PhyInformR

Overview

This part focuses on visualization.

We anticipate this to be an area of rapid growth so please check back often for new ways to visualize these metrics.

Also, if you develop a new way to view these data please let us know and we will gladly post the code and link(s) to your manuscript(s)



First steps

The quantitative framework of quartet internode calculations lends itself wonderfully to the development of new ways to visualize information in a given dataset.

This section highlights graphics from a few recent publications

Hwang et al. 2015 depicted QIRP across an entire tree by plotting the QIRP of a marker for each node simultaneously.
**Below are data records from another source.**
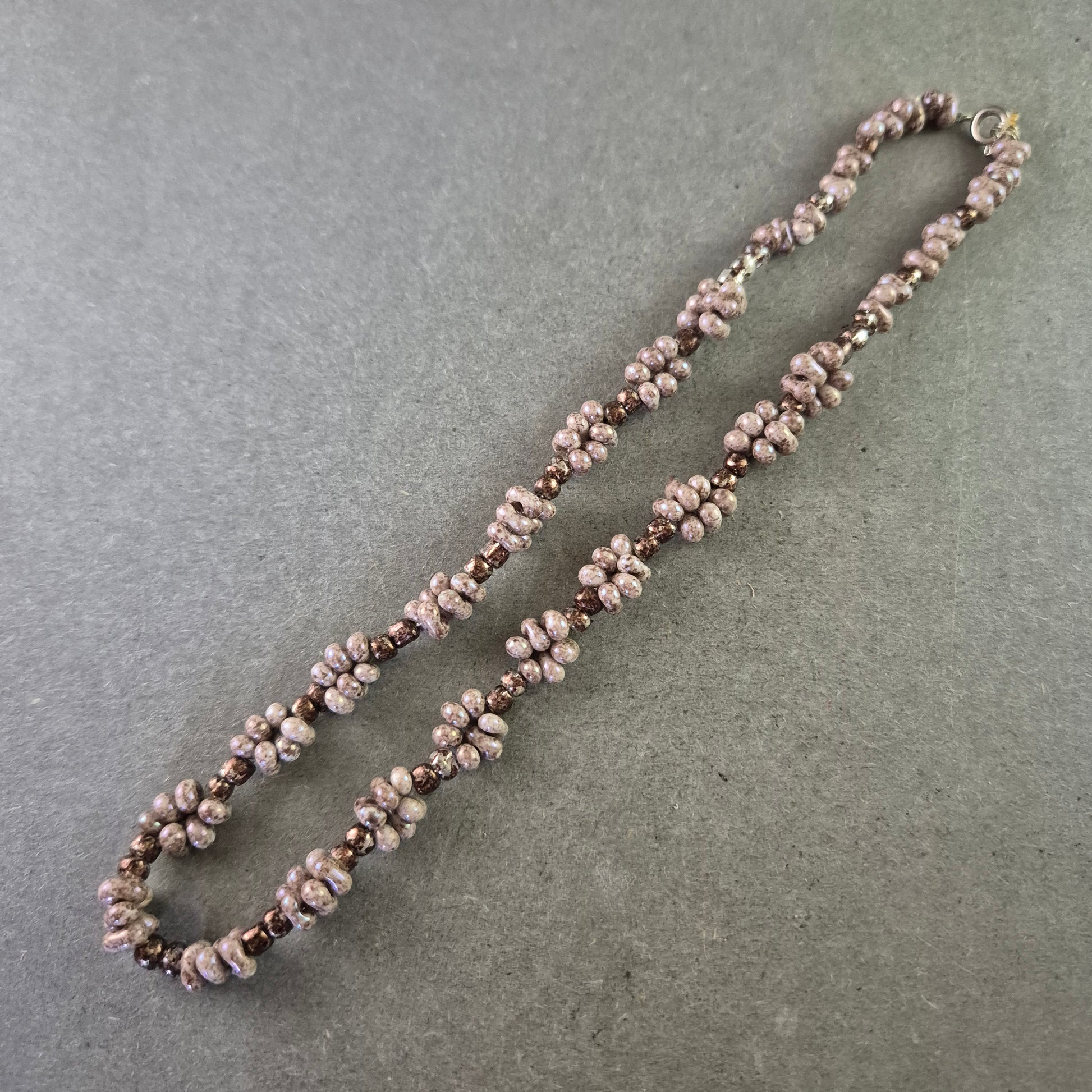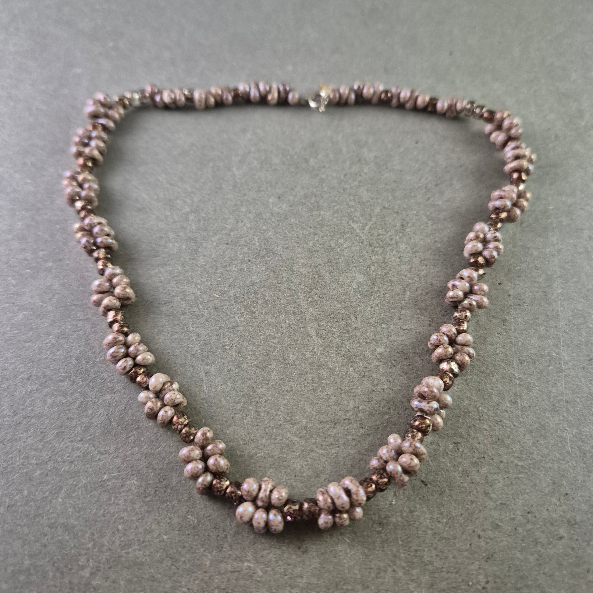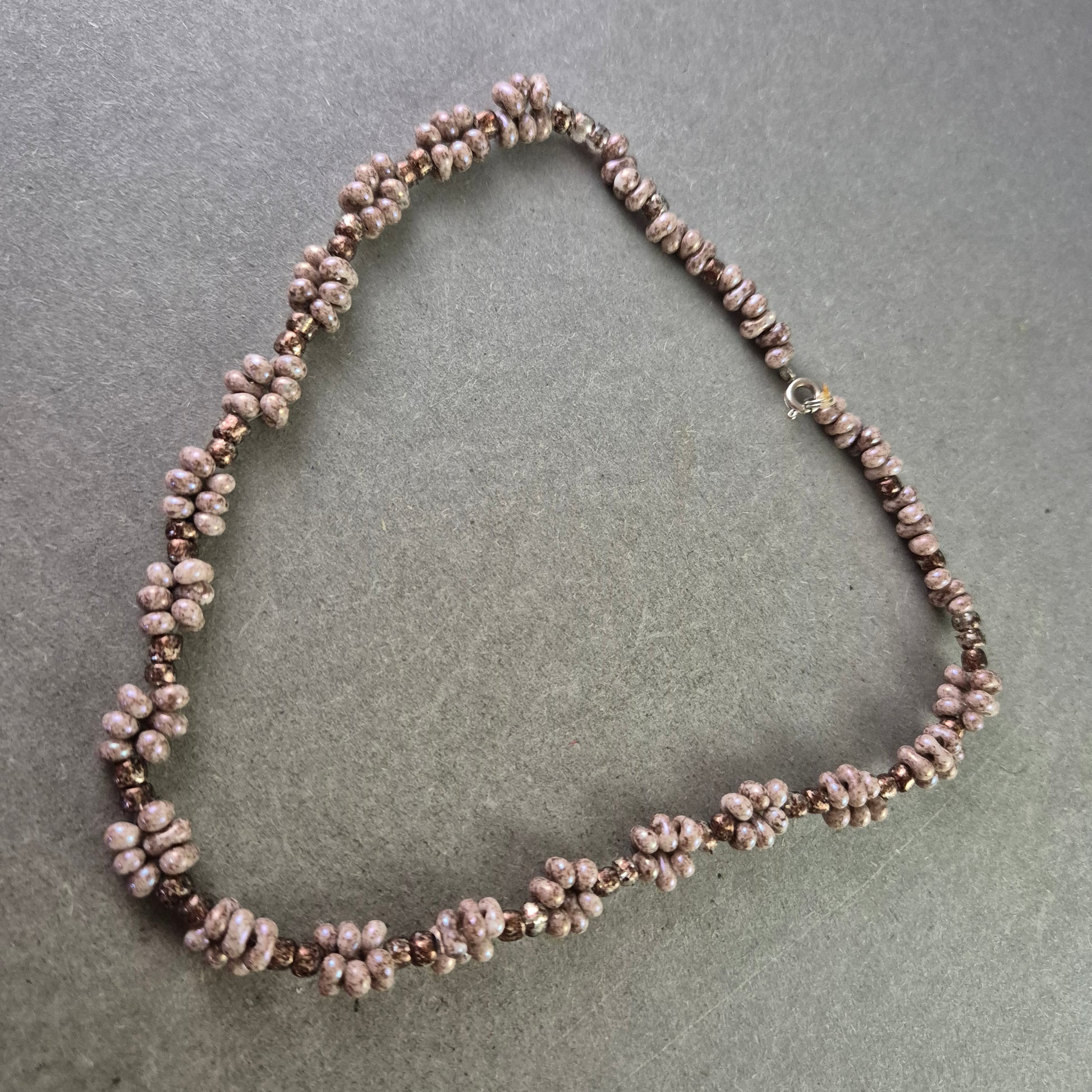 Diese dekorative Vintage Halskette besticht durch ihr außergewöhnliches Blütenmuster, das aus rosafarbenen Glasperlen und kleineren braun schimmernden Zwischenperlen gefertigt ist. Die Perlen sind zu kleinen Blütenformen arrangiert und verleihen der Kette eine verspielte und zugleich elegante Ausstrahlung. Mit ihrem charmanten Retro-Charakter ist sie das perfekte Accessoire für besondere Anlässe oder als auffälliger Hingucker im Alltag.
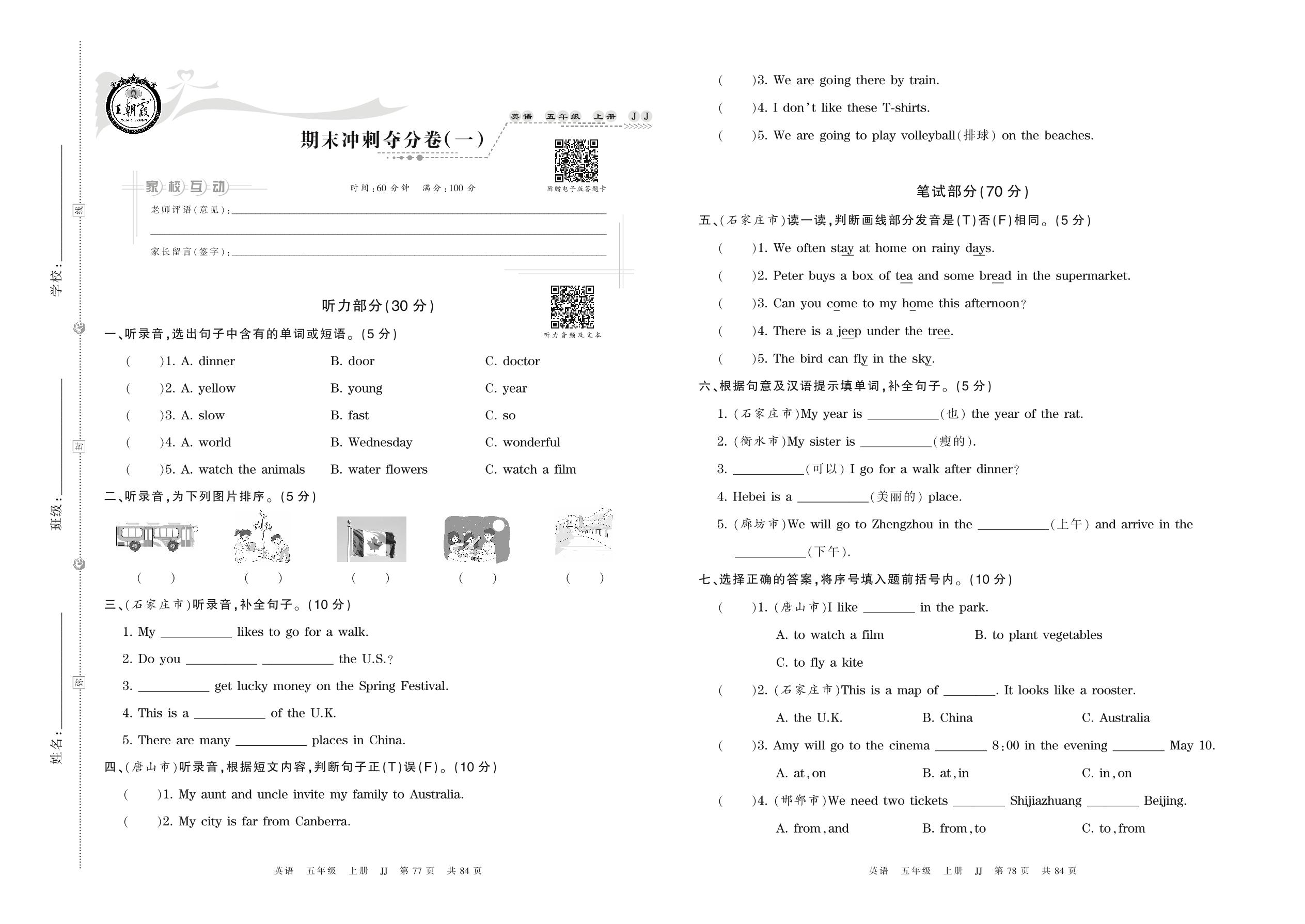 2021上册五年级英语冀教版 期末冲刺夺分卷(一)
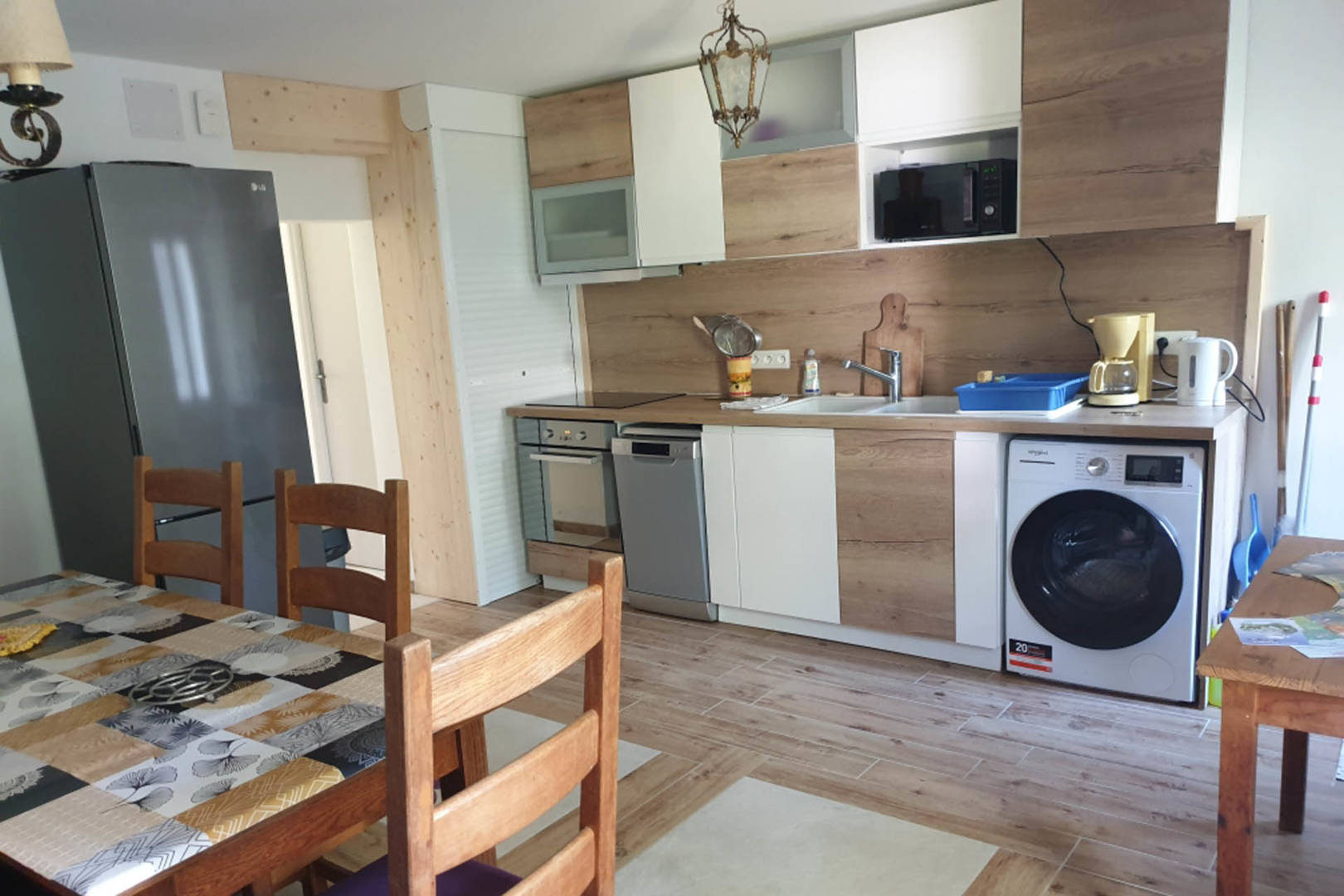– Une cuisine équipée avec notamment : bouilloire électrique, four, four à micro-ondes, grille-pain, lave-vaisselle, plaques de cuisson à induction…
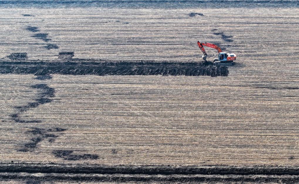 2025年3月11日,在天津市津南區(qū)八里臺鎮(zhèn)大韓莊村,工人駕駛挖掘機(jī)進(jìn)行高標(biāo)準(zhǔn)農(nóng)田施工作業(yè)(無人機(jī)照片)。新華社記者趙子碩 攝
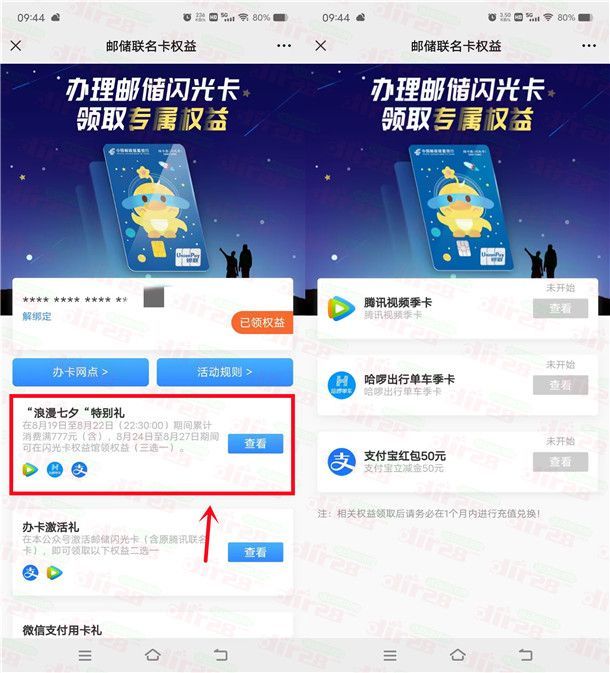 邮储闪光卡浪漫七夕特别礼领50元支付宝红包、腾讯视频会员季卡
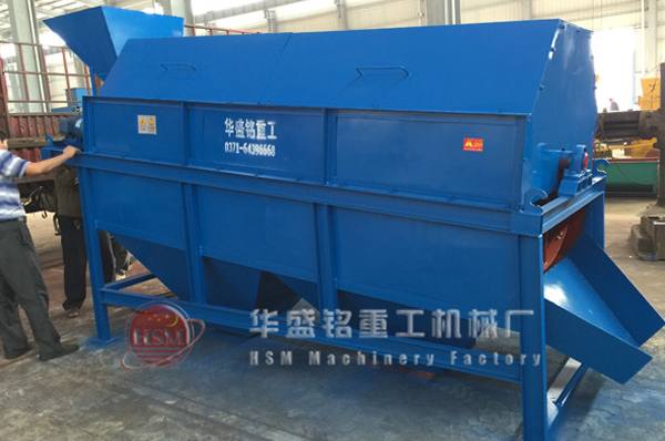 滚筒筛主要有电机、减速机、滚筒装置、机架、密封盖、进出料口组成。滚筒装置倾斜安装于机架上。电动机经减速机与滚筒装置通过联轴器连接在一起,驱动滚筒装置绕其轴线转动。当物料进入滚筒装置后,由于滚筒装置的倾斜与转动,使筛面上的物料翻转与滚动,使合格物料(筛下产品)经滚筒后端底部的出料口排出,不合格的物料(筛上产品)经滚筒尾部的排料口排出。由于物料在滚筒内的翻转、滚动,使卡在筛孔中的物料可被弹出,防止筛孔堵塞。
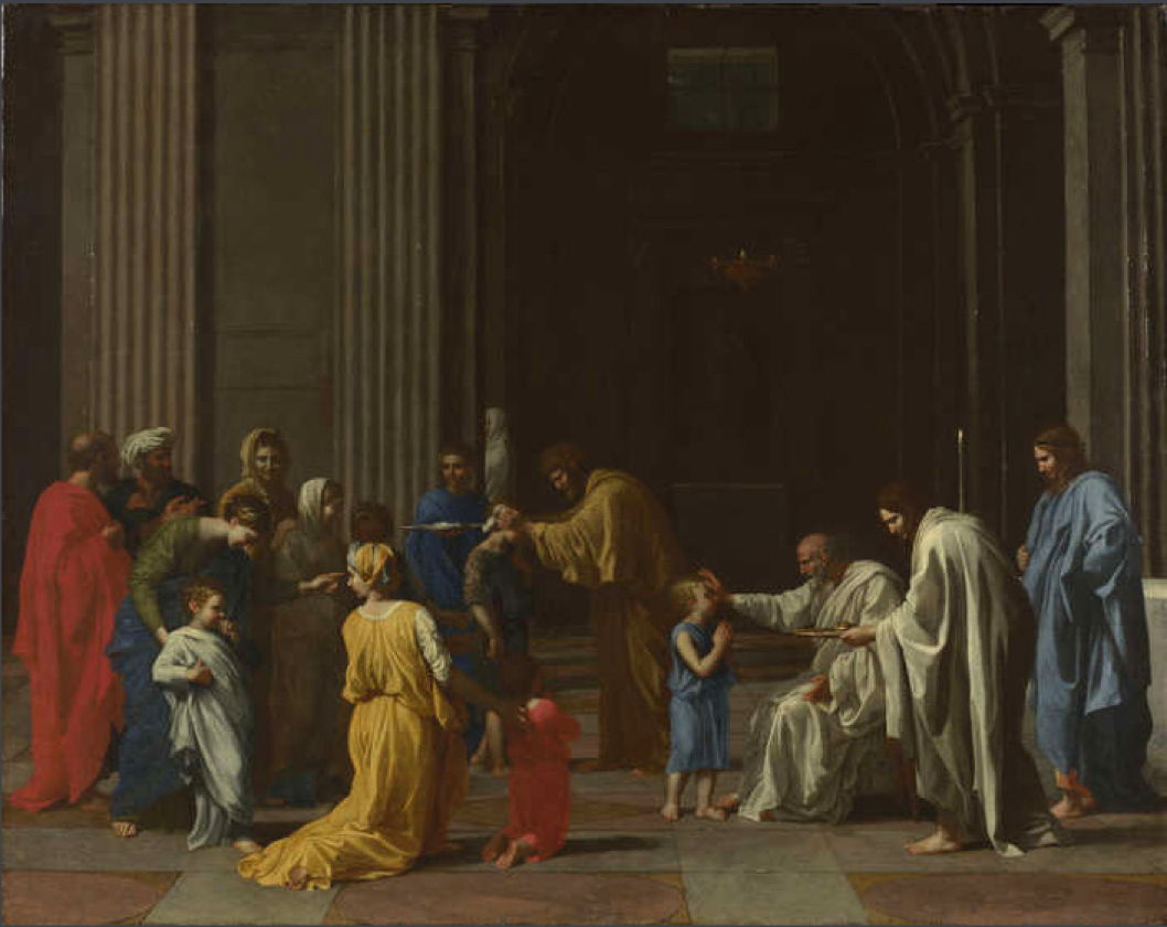 For the sacrament of ordination, Poussin chose Christ Presenting the Keys to Saint Peter, in a very different composition from that woven into tapestry in the Sistine Chapel from Raphael’s cartoon of more than a century before. This is one of Poussin’s earliest lyrical paintings of trees, as shown in the detail below.
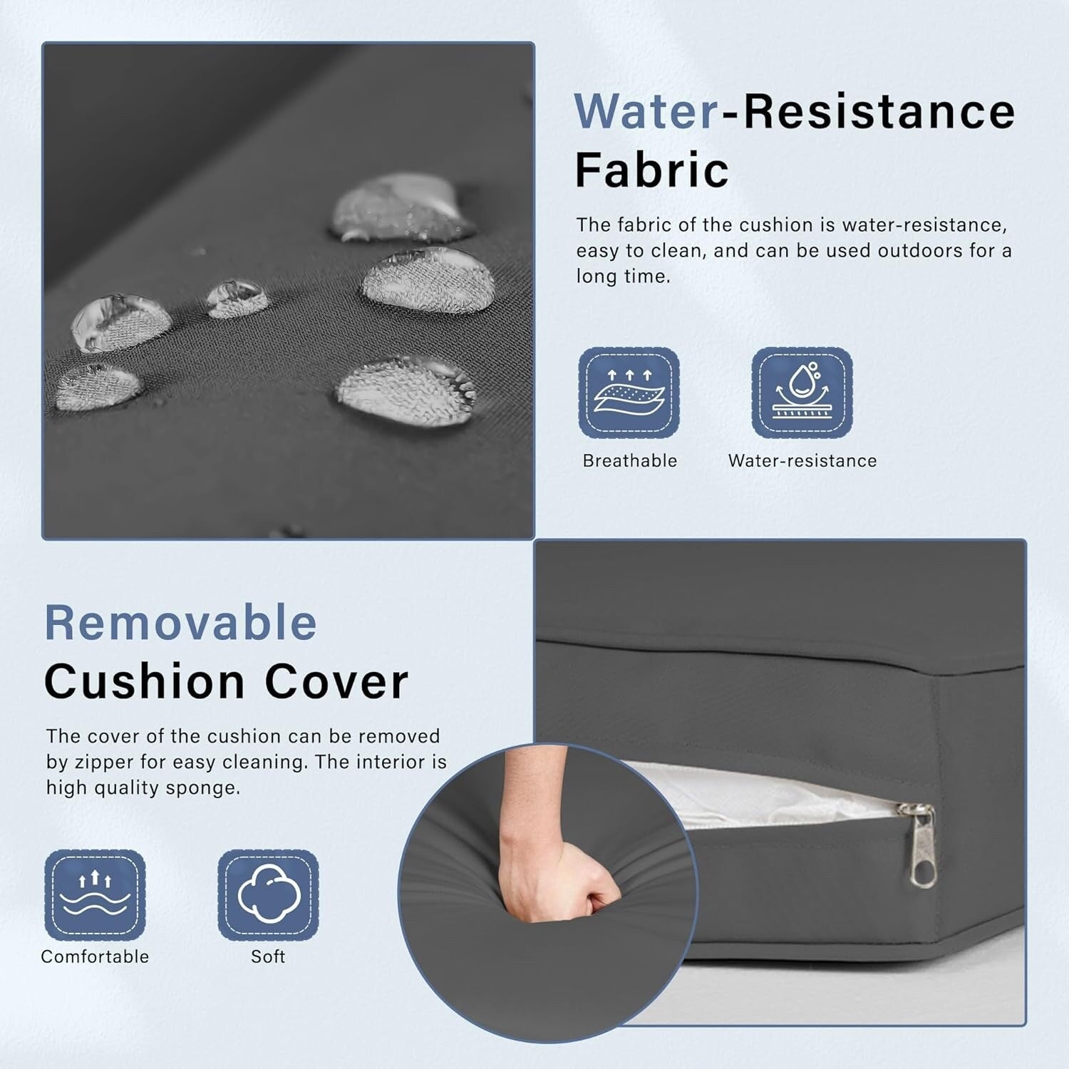 Le fodere dei cuscini rimovibili in poliestere sono resistenti alle intemperie e dotate di imbottitura in spugna.

This plot can be drawn by providing a tree, rate vector, and state space as in section 3. For this example, we will use a single tree from Near et al. 2014 along with site rates from the same study 
library(ape) 
								trees<-read.tree(system.file("extdata","polypterus_trees.phy",package="PhyInformR"))
								rate_vector<-as.matrix(rag1)
								bichir_tree <-trees[[1]]
								PlotTreeSI(bichir_tree,rate_vector,3)


Here the branch lengths (x axis, time) and the blue lines (y axis, QIRP) match up.
We can see that a similar trend to the one at the end of the previous section:

Short internodes have lower QIRP and are more likely to be predicted to be either impacted by homoplasy or contain little information

Here is another example based on fungal data illustrating this general point that uses this approach

This approach to visualization can be quite handy when comparing markers, so leave this graphics window open for now QIRPAcrossTree.png
Visualizing Experimental Design

Say we are interested choosing a new marker to sequence for bichirs.

We can compare the predicted utility of rag1 to candidate markers using this plotting method. In this example we will compare rag1 with the first locus from Prum et al. 2015 We'll start by isolating the locus 
candidate.locus<-as.matrix(prumetalrates[1:1594])
Now we can compare to the above plot as follows 
Plot.Another.TreeSI(bichir_tree, candidate.locus,3,col="red",type=3)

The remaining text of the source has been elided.